● RECORDS TO PROCESS
──────────────────────────────
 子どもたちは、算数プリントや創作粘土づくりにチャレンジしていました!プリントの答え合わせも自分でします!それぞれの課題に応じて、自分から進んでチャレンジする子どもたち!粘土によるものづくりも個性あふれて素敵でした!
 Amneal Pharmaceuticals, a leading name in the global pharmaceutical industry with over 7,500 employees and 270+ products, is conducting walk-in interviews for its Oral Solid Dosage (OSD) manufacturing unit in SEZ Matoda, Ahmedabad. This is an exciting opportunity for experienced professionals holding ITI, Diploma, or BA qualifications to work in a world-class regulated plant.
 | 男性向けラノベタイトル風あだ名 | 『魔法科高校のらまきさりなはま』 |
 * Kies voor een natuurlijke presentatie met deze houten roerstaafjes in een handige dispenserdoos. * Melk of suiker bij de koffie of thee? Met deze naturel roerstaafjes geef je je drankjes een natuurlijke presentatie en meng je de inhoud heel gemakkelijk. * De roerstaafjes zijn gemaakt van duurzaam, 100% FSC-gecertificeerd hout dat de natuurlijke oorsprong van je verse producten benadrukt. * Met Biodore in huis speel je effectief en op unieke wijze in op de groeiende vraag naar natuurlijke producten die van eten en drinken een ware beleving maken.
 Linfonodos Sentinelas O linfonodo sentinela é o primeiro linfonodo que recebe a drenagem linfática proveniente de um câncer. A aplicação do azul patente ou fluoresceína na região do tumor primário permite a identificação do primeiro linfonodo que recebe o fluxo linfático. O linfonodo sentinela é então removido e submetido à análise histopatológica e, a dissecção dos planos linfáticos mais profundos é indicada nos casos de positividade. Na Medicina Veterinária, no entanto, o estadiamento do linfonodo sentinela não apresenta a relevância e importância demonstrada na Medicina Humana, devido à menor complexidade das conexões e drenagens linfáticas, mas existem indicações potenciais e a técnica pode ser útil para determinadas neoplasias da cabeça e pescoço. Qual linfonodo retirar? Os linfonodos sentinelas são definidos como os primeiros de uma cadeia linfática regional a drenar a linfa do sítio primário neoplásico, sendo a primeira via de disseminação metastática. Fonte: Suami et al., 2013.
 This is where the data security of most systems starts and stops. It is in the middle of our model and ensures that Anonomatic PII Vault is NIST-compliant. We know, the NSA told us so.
──────────────────────────────
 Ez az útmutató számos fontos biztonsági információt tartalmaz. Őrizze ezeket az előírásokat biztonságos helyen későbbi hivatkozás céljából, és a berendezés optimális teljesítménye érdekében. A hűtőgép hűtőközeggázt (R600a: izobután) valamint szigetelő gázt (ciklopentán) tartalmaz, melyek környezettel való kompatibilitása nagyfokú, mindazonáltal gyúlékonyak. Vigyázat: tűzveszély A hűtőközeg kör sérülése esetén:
──────────────────────────────
● PROBLEM REQUIREMENTS
When you reach the line containing "Amneal Pharmaceuticals, a" in the data above, start copying exactly, and stop after the line containing "ware beleving maken.".

● OUTPUT FOR THIS EXERCISE
 Amneal Pharmaceuticals, a leading name in the global pharmaceutical industry with over 7,500 employees and 270+ products, is conducting walk-in interviews for its Oral Solid Dosage (OSD) manufacturing unit in SEZ Matoda, Ahmedabad. This is an exciting opportunity for experienced professionals holding ITI, Diploma, or BA qualifications to work in a world-class regulated plant.
 | 男性向けラノベタイトル風あだ名 | 『魔法科高校のらまきさりなはま』 |
 * Kies voor een natuurlijke presentatie met deze houten roerstaafjes in een handige dispenserdoos. * Melk of suiker bij de koffie of thee? Met deze naturel roerstaafjes geef je je drankjes een natuurlijke presentatie en meng je de inhoud heel gemakkelijk. * De roerstaafjes zijn gemaakt van duurzaam, 100% FSC-gecertificeerd hout dat de natuurlijke oorsprong van je verse producten benadrukt. * Met Biodore in huis speel je effectief en op unieke wijze in op de groeiende vraag naar natuurlijke producten die van eten en drinken een ware beleving maken.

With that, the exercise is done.